When the victim of bullying starts to seethe, when the depression of the teen starts to deepen, when the man thinks he sees his wife with another man, when the spousal abuse begins worsening, when the fight continues to escalate, when the immature fool wants to show off, what does common sense say about whether it makes a difference whether a gun is readily available or not? If they even first had to go out and get them, how many lives would be saved? How many more would be saved if they couldn’t? We see this phenomenon in research. Those with guns are more likely to taunt and bully, to engage in road rage and reckless behavior, to escalate and not back down. So how the hell do they make us safer?
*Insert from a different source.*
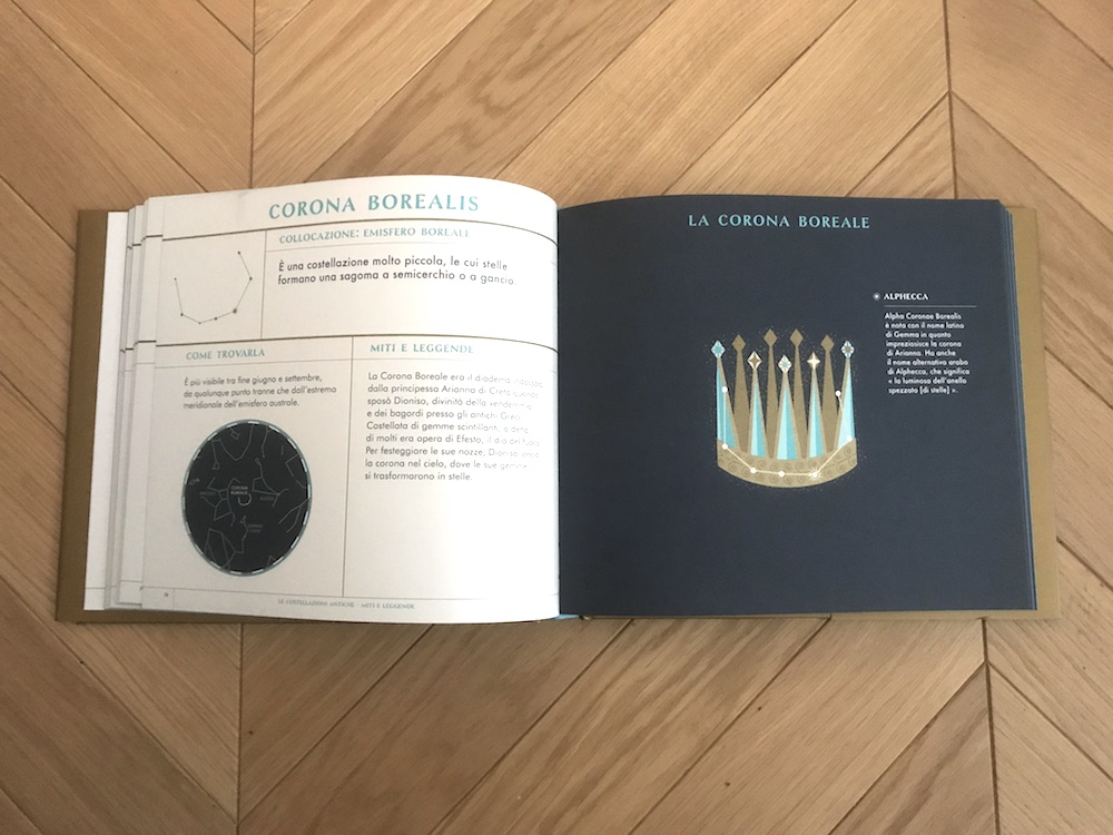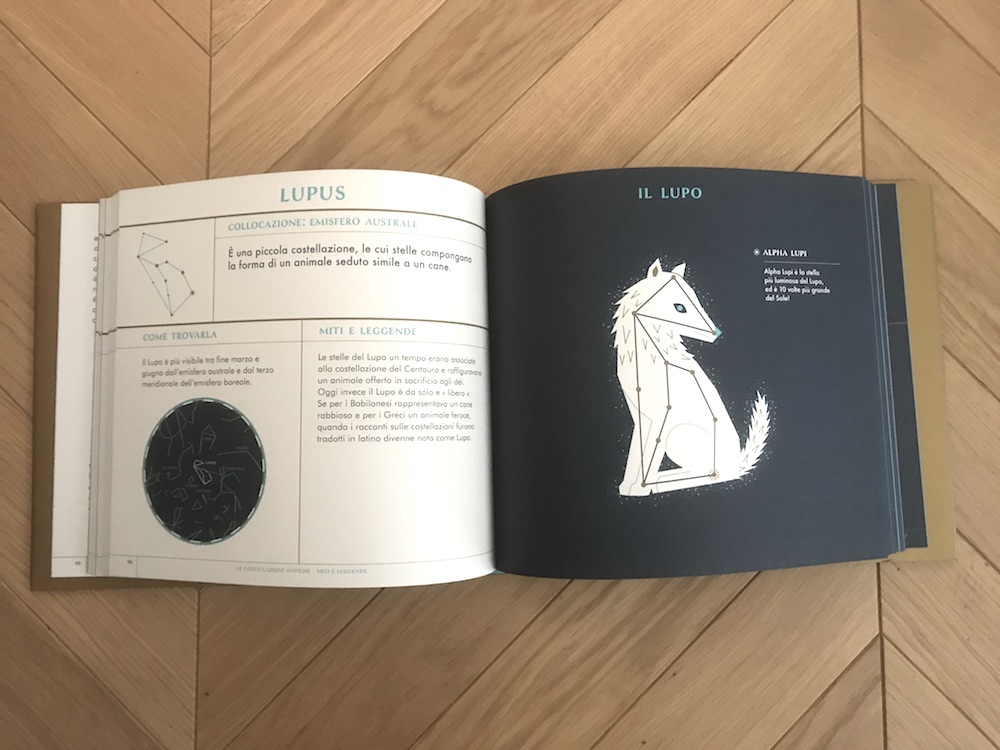 Di ogni costellazione sono presenti la collocazione, una mappa per trovarla nel cielo, i miti e leggende attorno ad essa e, soprattutto, un disegno bellissimo per riconoscerla meglio. “Unendo i puntini” come sulla settimana enigmistica, infatti, i bambini possono vedere come gli agglomerati di stelle formino forme a noi conosciute, figure antropomorfe, simili agli animali o agli oggetti quotidiani, prendendo il nome proprio dall’immagine che ci ricordano.

We need a war on guns. Bottom line: they have no place in a civilized society. Gun violence is a national health and child welfare emergency. We talk about it for a couple of days after a tragedy like this most recent one and then let it die, just like we let the next group of kids die. A new study by the Boston Children’s Hospital confirmed that the states with the strictest gun control measures tend to have the fewest gun fatalities, as if that wouldn’t be self-evident. But then there’s that pesky problem of neighboring states. In the news just today, surveillance tapes were released capturing a gun runner bragging about how he had bought an arsenal of weapons down south, in states with weak gun laws, and then sold them on the streets of New York. We need to expose the many politicians, more than half in Congress as of the last accounting, who put their NRA contributions before common sense and common decency. We can disagree about how far to go, although how far is far enough when it comes to our most vulnerable and precious resource? But at very least, it’s time we stopped talking, and then stopped stopping talking, and began to act.